Query input to T-NLG: Who was Jason Mraz engaged to?

T-NLG's direct answer: Jason Mraz was engaged to Tristan Prettyman.

Question input to T-NLG: How many people live in the U.S.?

T-NLG's direct answer: There are over 300 million people living in the U.S.

T-NLG is also capable of generating concise summaries. To Microsoft's blog post on being carbon-negative by 2030, the summary produced by T-NLG is as follows:

Microsoft is committed to being carbon negative by 2030. We are launching an aggressive program to cut our carbon emissions by more than half by 2030, both for our direct emissions and for our entire supply and value chain. We are also launching an initiative to use Microsoft technology to help our suppliers and customers reduce their own carbon footprints and a new $1 billion climate innovation fund to accelerate the development of carbon reduction, capture, and removal technologies that will help us and the world become carbon negative. In addition to our aggressive carbon goals, we are launching a new Climate Innovation Fund to accelerate carbon reduction and removal opportunities. We are also launching a program to use our technology to improve the efficiency of our supply chain and reduce our own carbon footprint as well…

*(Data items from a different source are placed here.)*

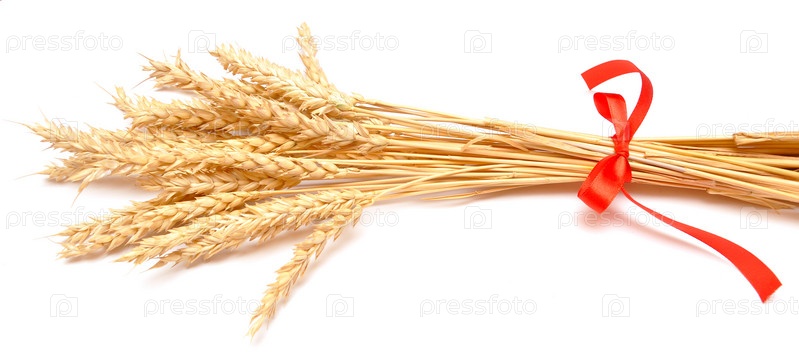 Колосья пшеницы с красной лентой на белом фоне
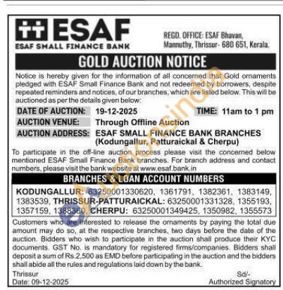 ESAF SMALL FINANCE BANK Gold Auctions Auction in Thrissur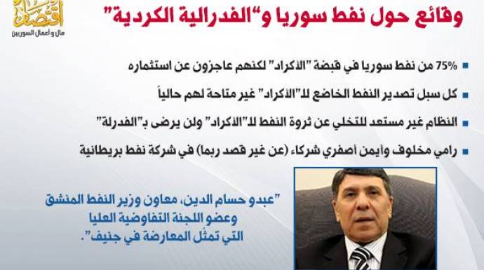 تملك القوى الكردية التي يتزعمها "حزب الاتحاد الديمقراطي"، شمال شرق سوريا، السيطرة على 75% من نفط سوريا، لكنها لا تملك الإمكانيات اللازمة لاستثماره، ولا تحظى حتى الآن بالسبل الملائمة لتصديره، ناهيك عن عدم نيّة النظام التخلي عن تلك الثروة، وبالتالي، لن يقبل النظام بـ "الفدرالية" وفق السيناريو "الكردي".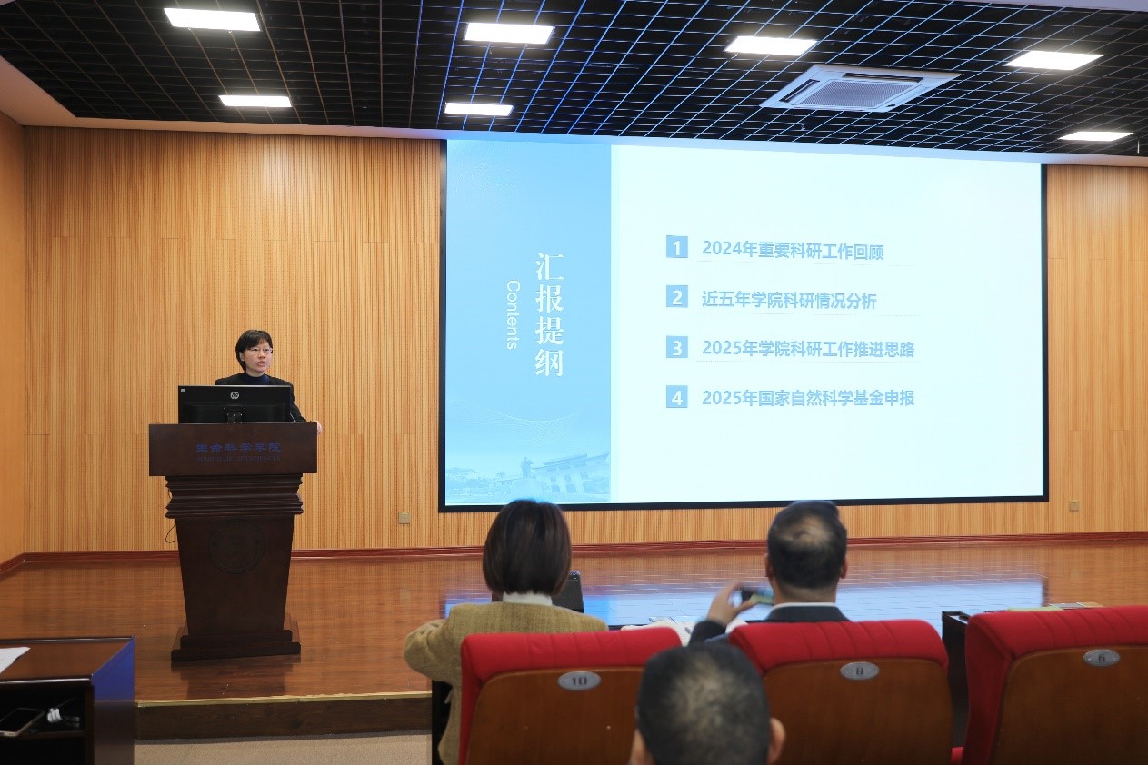 会上,学院副院长黄烯作科研情况分析及2025年国家基金申报动员,她简要介绍了2024年重要科研工作、近五年学院科研情况分析以及2025年科研工作推进思路,同时对2025年国家自然科学基金申报进行了说明,鼓励学院科研团队积极申报,不断提升科研创新能力,为学科发展贡献力量。
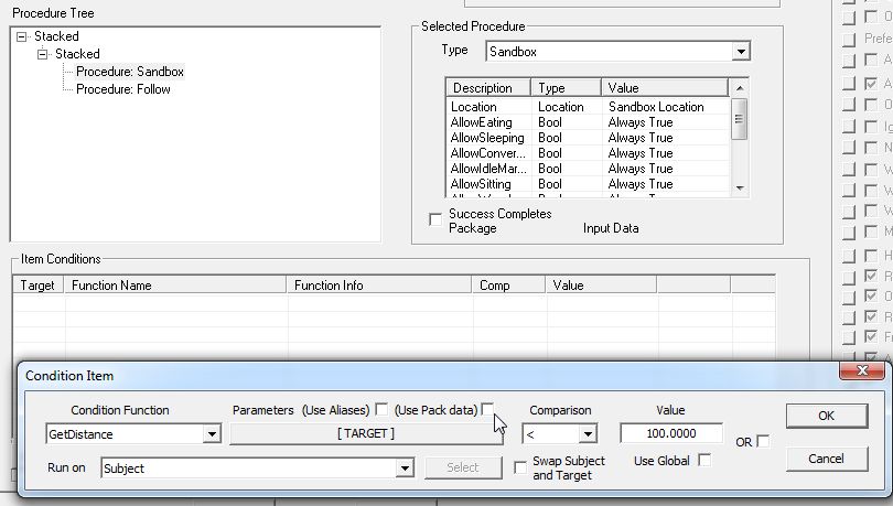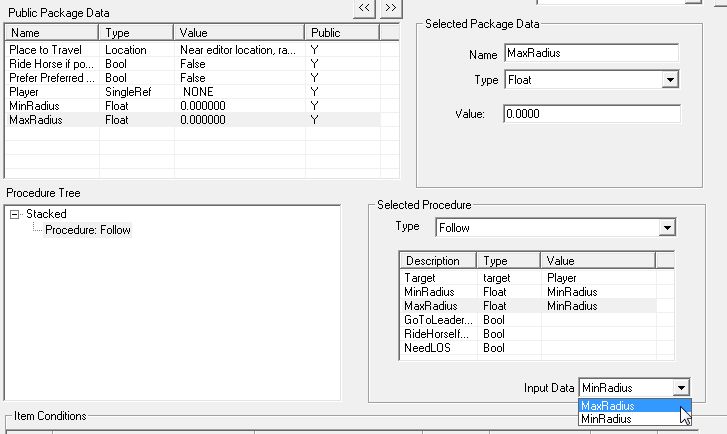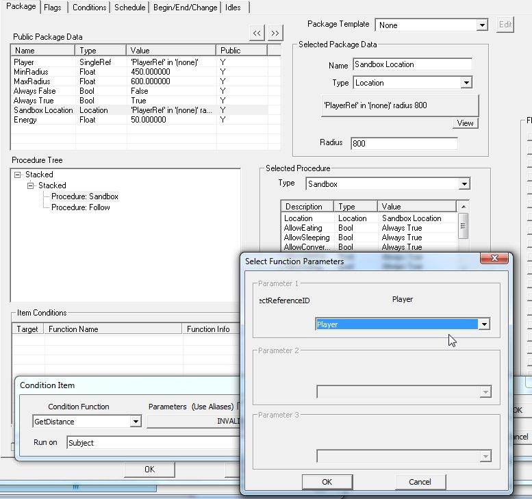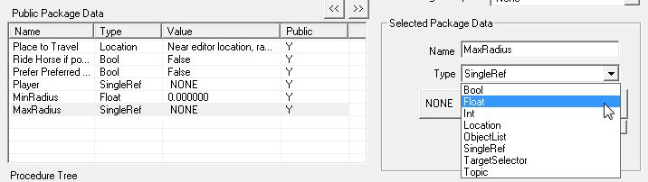 こんな風に、Condition Fuctionで使える「Public Package Data」内の項目が列挙されて選べます。GetDistanceに使えるのはSingleRefタイプの"Player"だけなので、選択の余地はないのですが。

In terms of numbers and benchmark tests, Microsoft's new T-NLG boasts better figures compared to Megatron-LM 8.3B on both LAMBADA and WikiText-103. ROUGE scores were also promising and T-NLG outperformed LSTM (CopyNet) for human evaluators of grammatical and factual correctness. You may check out the full test results and benchmark comparisons on Microsoft's blog post.

Moving forward, Microsoft believes that advancements like these will lend to improving natural language processing applications. The firm believes that it will help save time by helping summarize documents and emails and also enhance the overall user experience and functionality on the Microsoft Office suite by offering writing assistance to authors and answering questions that readers may ask about a document.